* YOUR ASSIGNMENT *
Nothing but an exact copy is asked for: the lines in the material below from the one with "(1)在阿里云上創(chuà" through the one with "Cathie Bleck, an", pictures excluded.

* GIVEN MATERIAL *
::::::

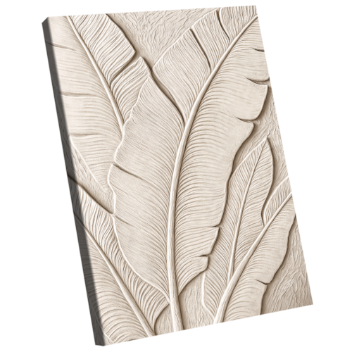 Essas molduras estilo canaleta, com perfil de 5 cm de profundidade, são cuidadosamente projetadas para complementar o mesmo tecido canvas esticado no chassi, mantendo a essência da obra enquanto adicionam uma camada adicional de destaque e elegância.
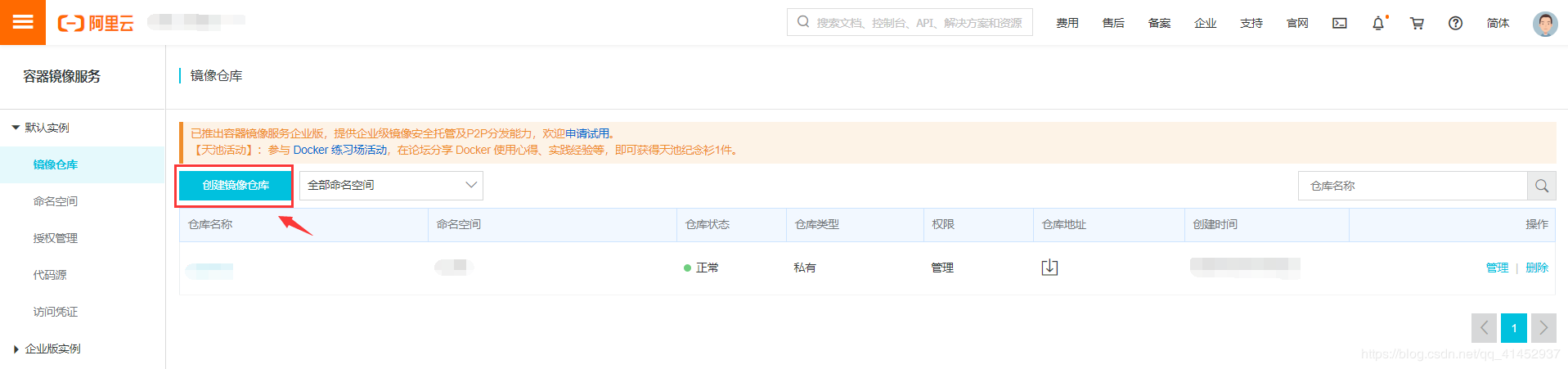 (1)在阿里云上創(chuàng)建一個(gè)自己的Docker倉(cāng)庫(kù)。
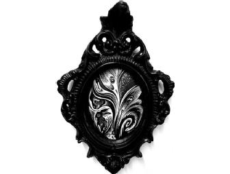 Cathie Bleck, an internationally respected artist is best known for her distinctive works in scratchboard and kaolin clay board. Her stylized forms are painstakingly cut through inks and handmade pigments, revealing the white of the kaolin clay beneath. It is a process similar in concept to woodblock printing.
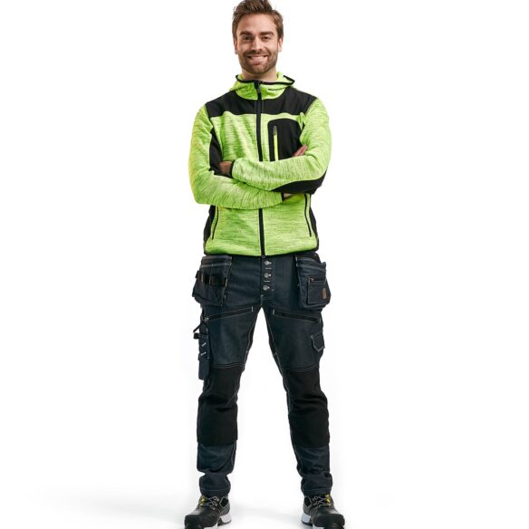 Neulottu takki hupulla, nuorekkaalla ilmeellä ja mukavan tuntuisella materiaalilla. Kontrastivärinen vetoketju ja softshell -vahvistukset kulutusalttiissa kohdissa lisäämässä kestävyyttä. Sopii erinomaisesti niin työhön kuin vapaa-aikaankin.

::::::

* TASK OUTPUT *
 (1)在阿里云上創(chuàng)建一個(gè)自己的Docker倉(cāng)庫(kù)。
 Cathie Bleck, an internationally respected artist is best known for her distinctive works in scratchboard and kaolin clay board. Her stylized forms are painstakingly cut through inks and handmade pigments, revealing the white of the kaolin clay beneath. It is a process similar in concept to woodblock printing.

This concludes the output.